Records for this exercise Start Marker
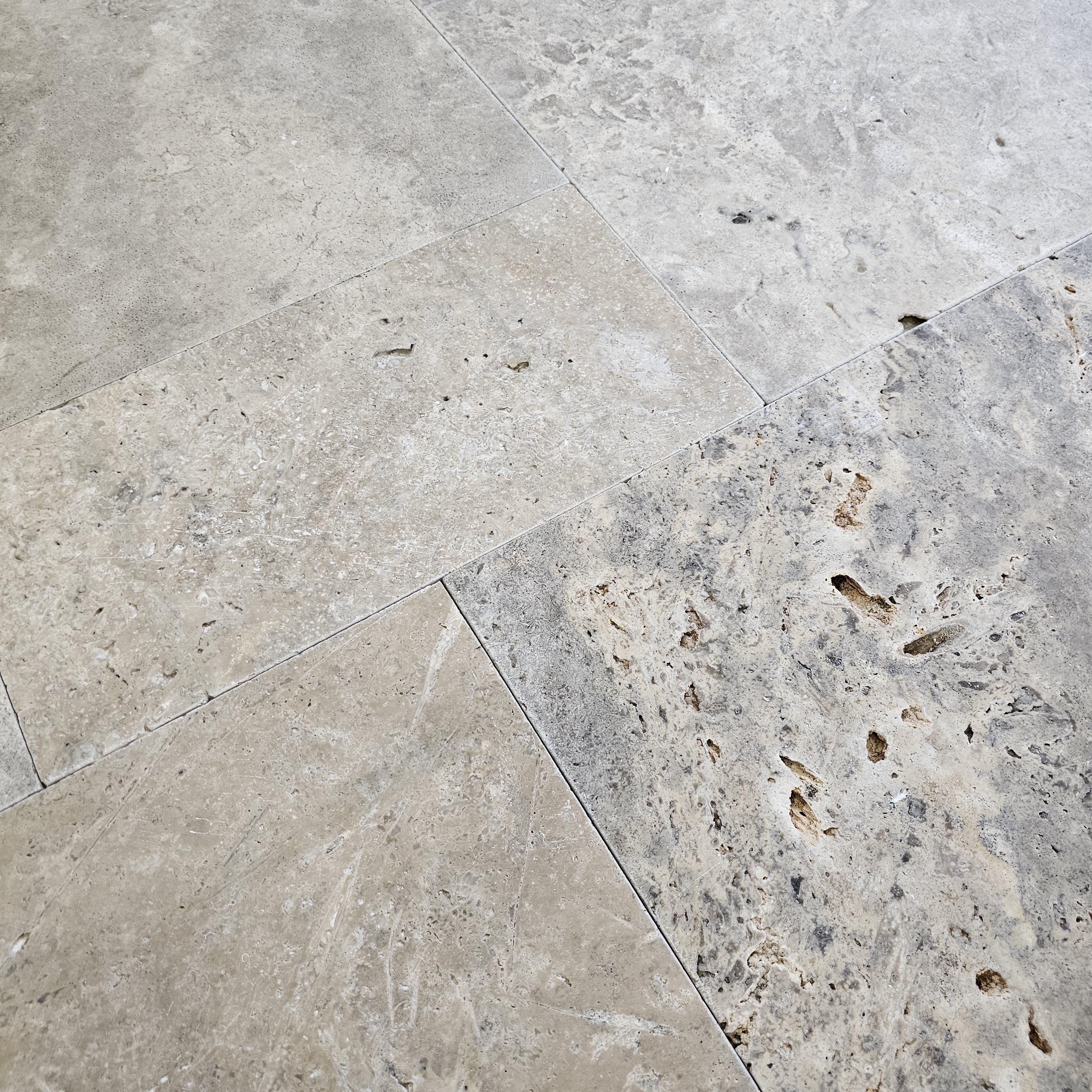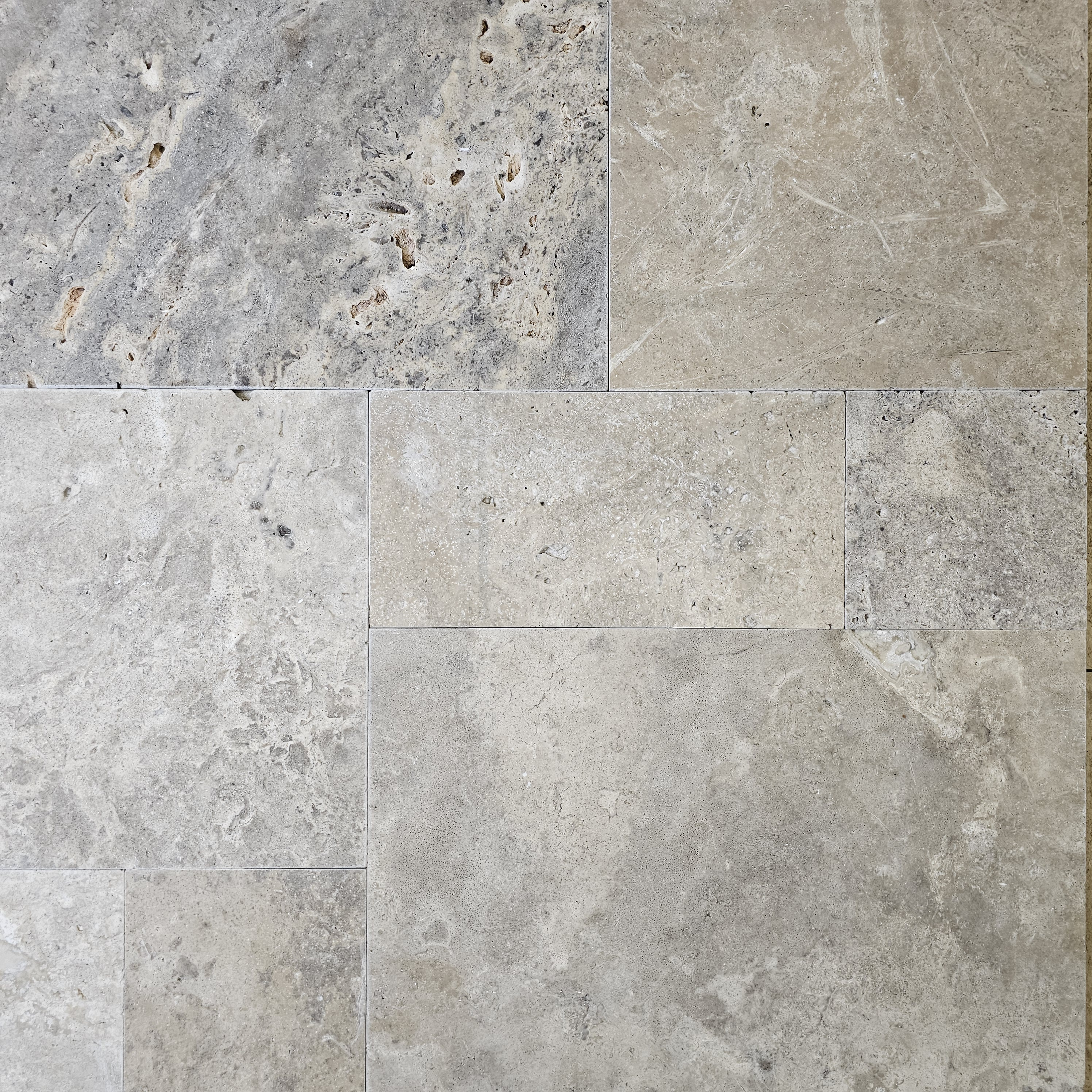 Piatra Naturala, Travertin Silver Tumbled, nechituit, 1.2 cm grosime FRENCH PATTERN 6 PCS / SET - 1PL 40.6X61, 2PL 40.6X40.6, 1PL 20.3X40.6, 2PL 20.3X20.3
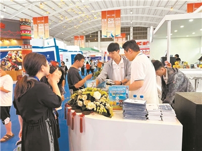 在热闹的文化旅游馆,澜沧拉祜族自治县老达保村民们的歌声一遍遍响起,把拉祜山的风吹向世界。普洱以独特的民族文化、新茶饮、新咖饮以及茶旅、咖旅产品,引导游客探索普洱多角度的魅力。普洱古道旅行社市场销售人员李柏伶介绍说,此次带来了与普洱市文化和旅游局合作的小程序“品玩普洱”,其中包含了普洱的各大旅游景点。“客人来到普洱,只需扫码就可以看到普洱各种特色的旅游线路,目前比较好卖的产品有‘熊猫茶茶’‘熊猫咖咖’‘一城两味’等。” 会展期间,文化旅游馆普洱展区,参展企业营业额达6万元以上,咨询人数1万余人,意向合作企业200余家,发放普洱旅游手绘地图、漫游普洱线路折页、宣传册7500余份。
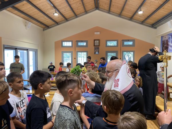 Μαζί με τον Σεβασμιώατο, μετέβησαν και οι φιλοξενούμενοι Μητροπολίτες Ναζαρέτ κ. Κυριακός και Λέρου και Καλύμνου κ. Παΐσιος οι οποίοι ομίλησαν στους κατασκηνωτές με λόγια πατρικά και αγάπης.
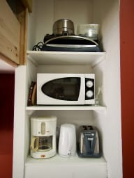 - Fully equipped kitchen: dishwasher, oven, microwave oven, coffee machine with filters, a kettle, a raclette/pierrade machine, fondue machine, a toaster, a mixer and a juicer. But also plenty of dishes, glasses (wine, champagne, beer and water glasses), cutlery sets, pots, pans...
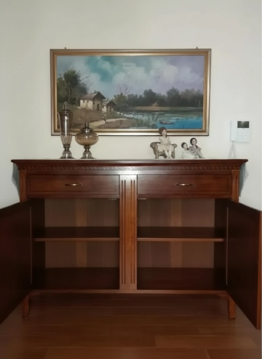 Credenza tradizionale classica 2 porte e 2 cassetti capiente e pratica. Complemento d'arredo adatto per una soluzione dotata di due cassetti e due porte utile per contenere oggetti , stoviglie, strofinacci e tovaglie a portata di mano all' occorrenza. La scelta perfetta per un' atmosfera romantica e unica, per riportare il fascino dal sapore retrò.
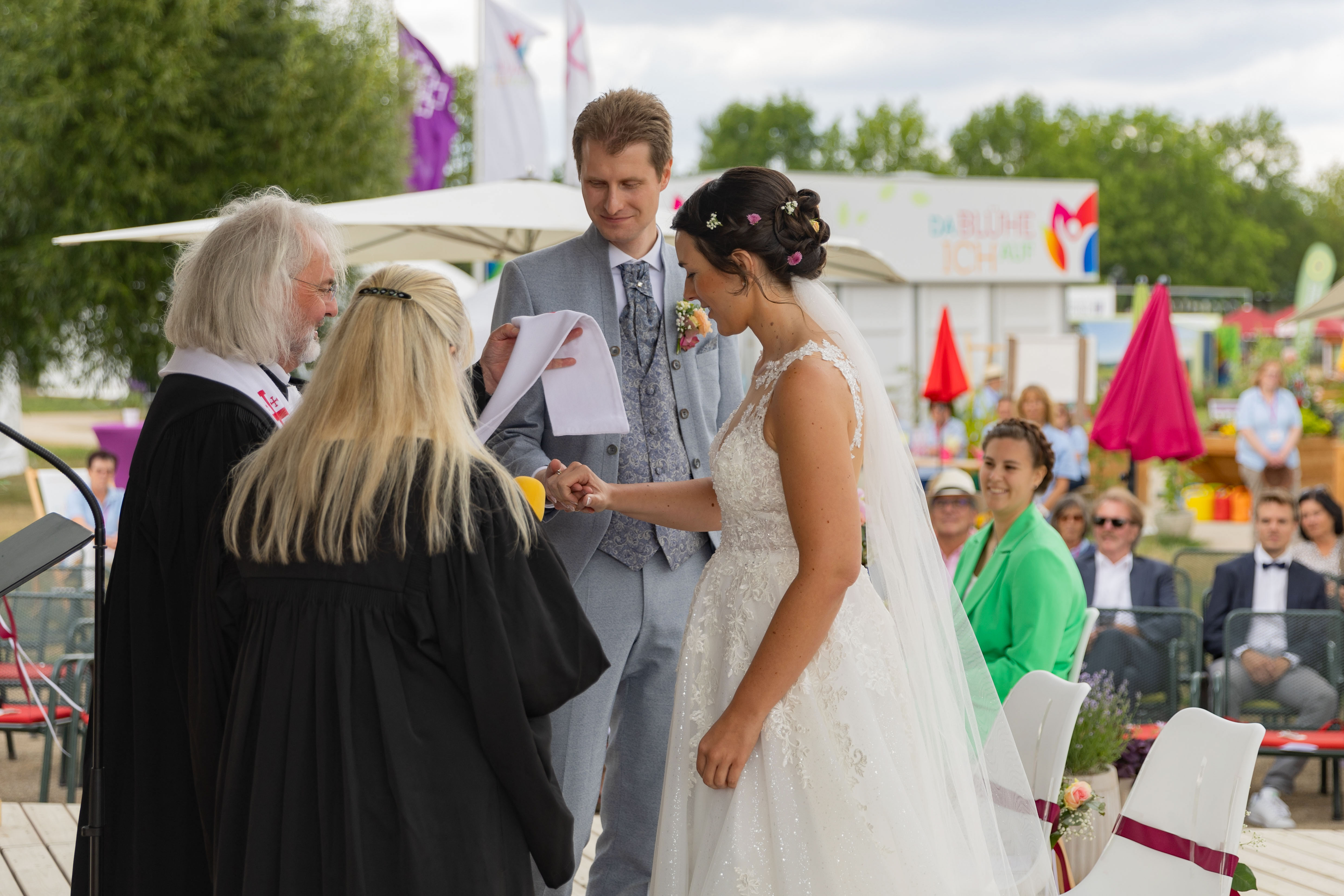 Das Hochzeitspaar Dr. Marie-Luise Reinhard und Maximilian Mika - Sie haben sich gegenseitig heute das Ja-Wort im Himmelszelt auf der Landesgartenschau gegeben: Dr. Marie-Luise Reinhard aus Fulda und Maximilian Mika aus Schmitten im Taunus. Das Paar hatte an der Verlosungsaktion der Evangelischen Kirche von Kurhessen-Waldeck (EKKW) teilgenommen und eine komplette Hochzeit am so genannten Himmelszelt gewonnen. Dort ist die evangelische Kirche noch bis zum 8. Oktober unter dem Motto „Da blühe ich auf“ präsent.
Records for this exercise End Marker
= Assignment =
Each line above from the one containing "在热闹的文化旅游馆,澜沧拉祜" through the one containing "- Fully equipped" is to be returned verbatim. Nothing else, and no pictures.

= Answer box =
 在热闹的文化旅游馆,澜沧拉祜族自治县老达保村民们的歌声一遍遍响起,把拉祜山的风吹向世界。普洱以独特的民族文化、新茶饮、新咖饮以及茶旅、咖旅产品,引导游客探索普洱多角度的魅力。普洱古道旅行社市场销售人员李柏伶介绍说,此次带来了与普洱市文化和旅游局合作的小程序“品玩普洱”,其中包含了普洱的各大旅游景点。“客人来到普洱,只需扫码就可以看到普洱各种特色的旅游线路,目前比较好卖的产品有‘熊猫茶茶’‘熊猫咖咖’‘一城两味’等。” 会展期间,文化旅游馆普洱展区,参展企业营业额达6万元以上,咨询人数1万余人,意向合作企业200余家,发放普洱旅游手绘地图、漫游普洱线路折页、宣传册7500余份。
 Μαζί με τον Σεβασμιώατο, μετέβησαν και οι φιλοξενούμενοι Μητροπολίτες Ναζαρέτ κ. Κυριακός και Λέρου και Καλύμνου κ. Παΐσιος οι οποίοι ομίλησαν στους κατασκηνωτές με λόγια πατρικά και αγάπης.
 - Fully equipped kitchen: dishwasher, oven, microwave oven, coffee machine with filters, a kettle, a raclette/pierrade machine, fondue machine, a toaster, a mixer and a juicer. But also plenty of dishes, glasses (wine, champagne, beer and water glasses), cutlery sets, pots, pans...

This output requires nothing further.